■ What you have to do ■
Before you return the lines below, strip out any images and keep every word as written.

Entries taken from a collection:
┏━━
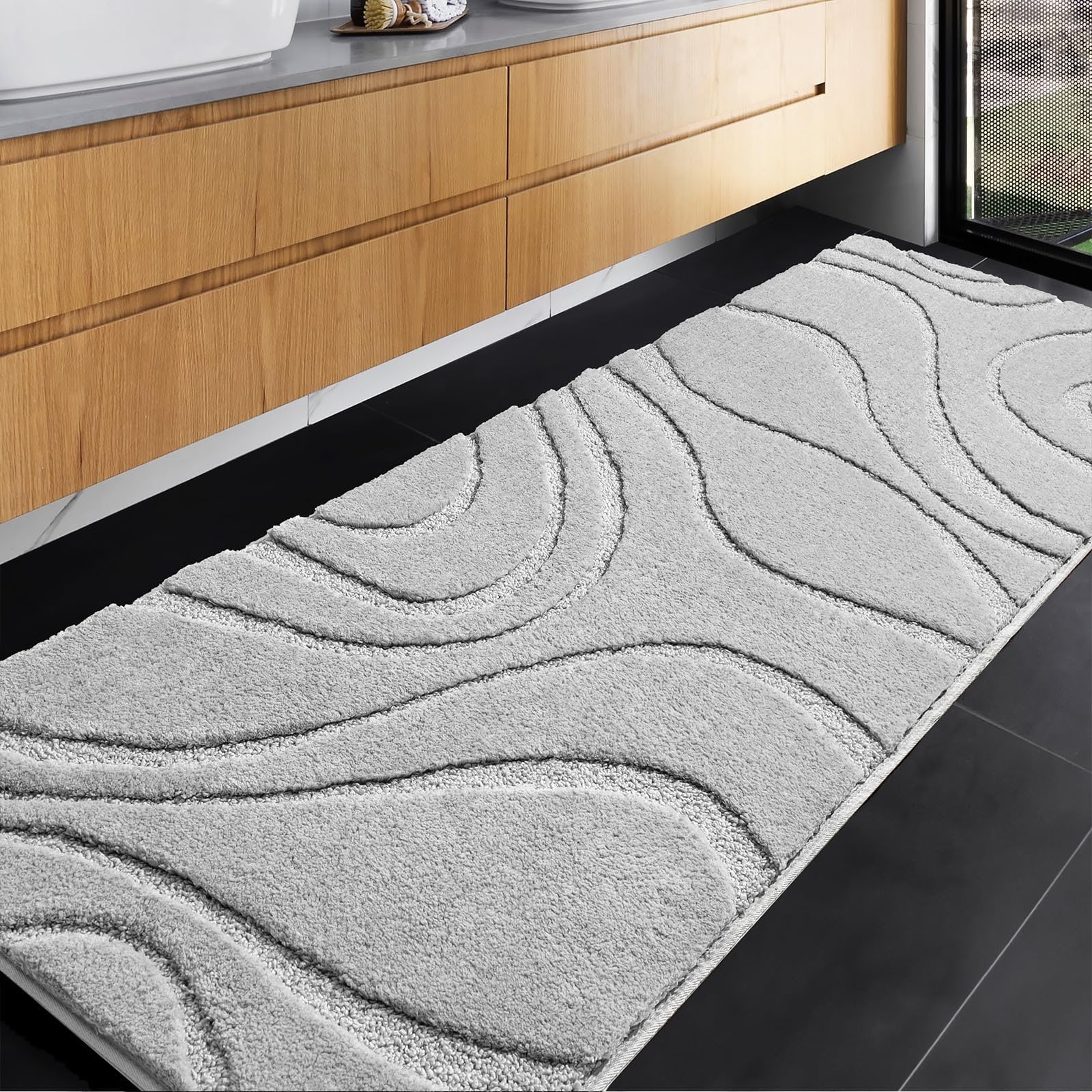 Rugs Runner 24 x 60 Inch, Extra Long Non-Slip, Machine Washable Bath Mats, Light Gray Soft Carpets for Bathroom Showe
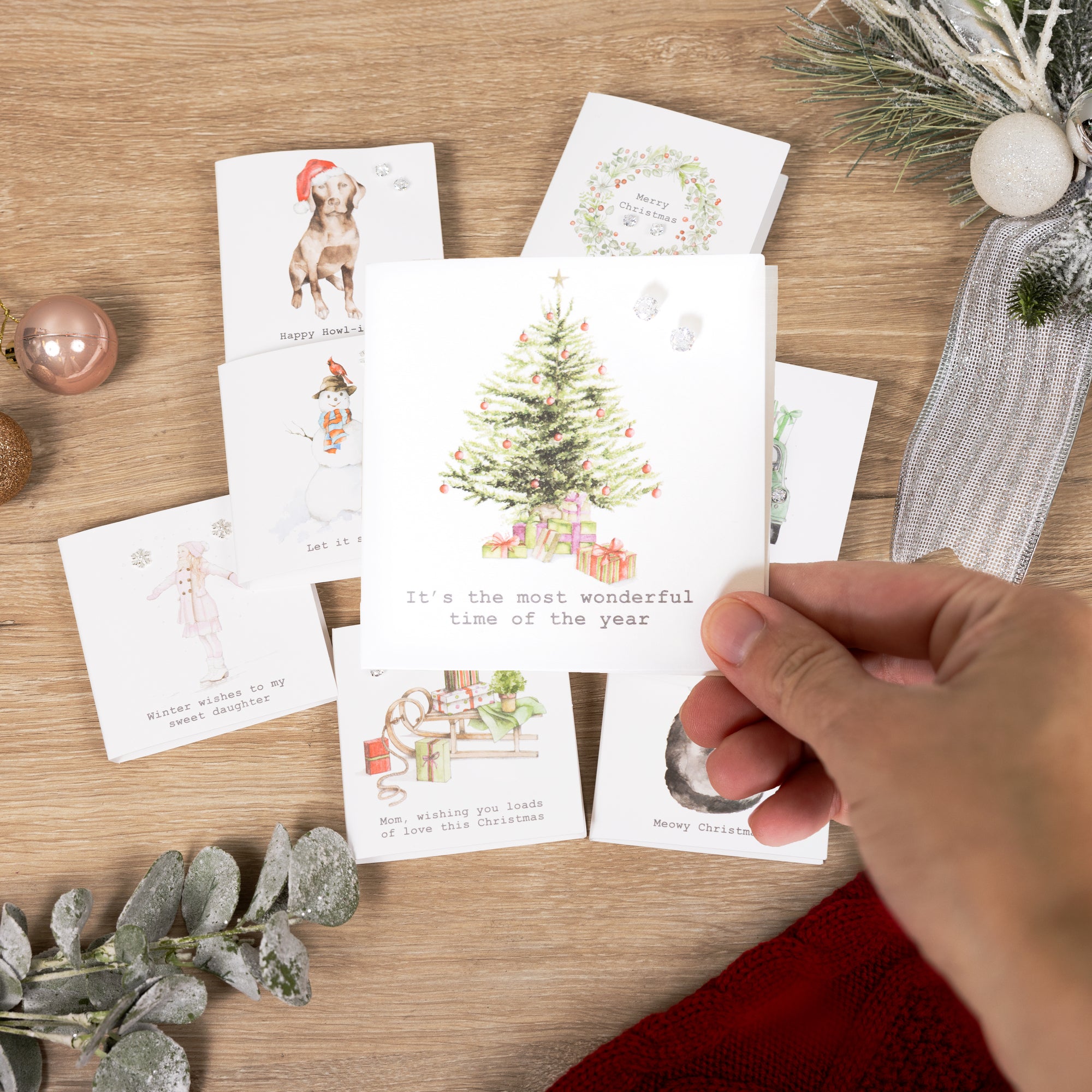 - IN-HOUSE DESIGN: The ornament and star-decorated pine tree holds presents beneath it. The typewritten style gray "It's The Most Wonderful Time Of The Year" sentiment is placed below the celebratory printed design, whereas the earring is placed in the upper right-hand corner of the card.
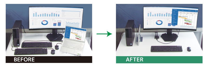 導入準備はパソコンと機器を接続するだけで完了。操作するパソコンはボタンひとつで切り替えることができます。
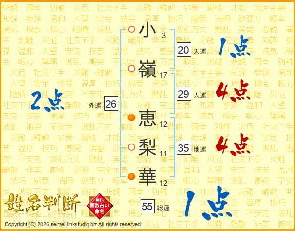 小(3画)嶺(17画) 恵(12画)梨(11画)華(12画)
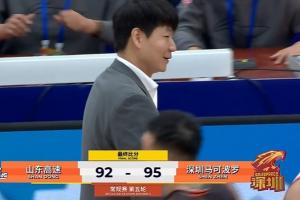 比赛第四节最后时刻,深圳球员王浩然在外线接球手起刀落三分命中,给山东留下最后1秒的时间。
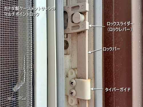 これらの部品が組み合わさって、複数で鍵が掛かるマルチポイントロックというシステムが構築されています。
┗━━
■ Your response ■
 Rugs Runner 24 x 60 Inch, Extra Long Non-Slip, Machine Washable Bath Mats, Light Gray Soft Carpets for Bathroom Showe
 - IN-HOUSE DESIGN: The ornament and star-decorated pine tree holds presents beneath it. The typewritten style gray "It's The Most Wonderful Time Of The Year" sentiment is placed below the celebratory printed design, whereas the earring is placed in the upper right-hand corner of the card.
 導入準備はパソコンと機器を接続するだけで完了。操作するパソコンはボタンひとつで切り替えることができます。
 小(3画)嶺(17画) 恵(12画)梨(11画)華(12画)
 比赛第四节最后时刻,深圳球员王浩然在外线接球手起刀落三分命中,给山东留下最后1秒的时间。
 これらの部品が組み合わさって、複数で鍵が掛かるマルチポイントロックというシステムが構築されています。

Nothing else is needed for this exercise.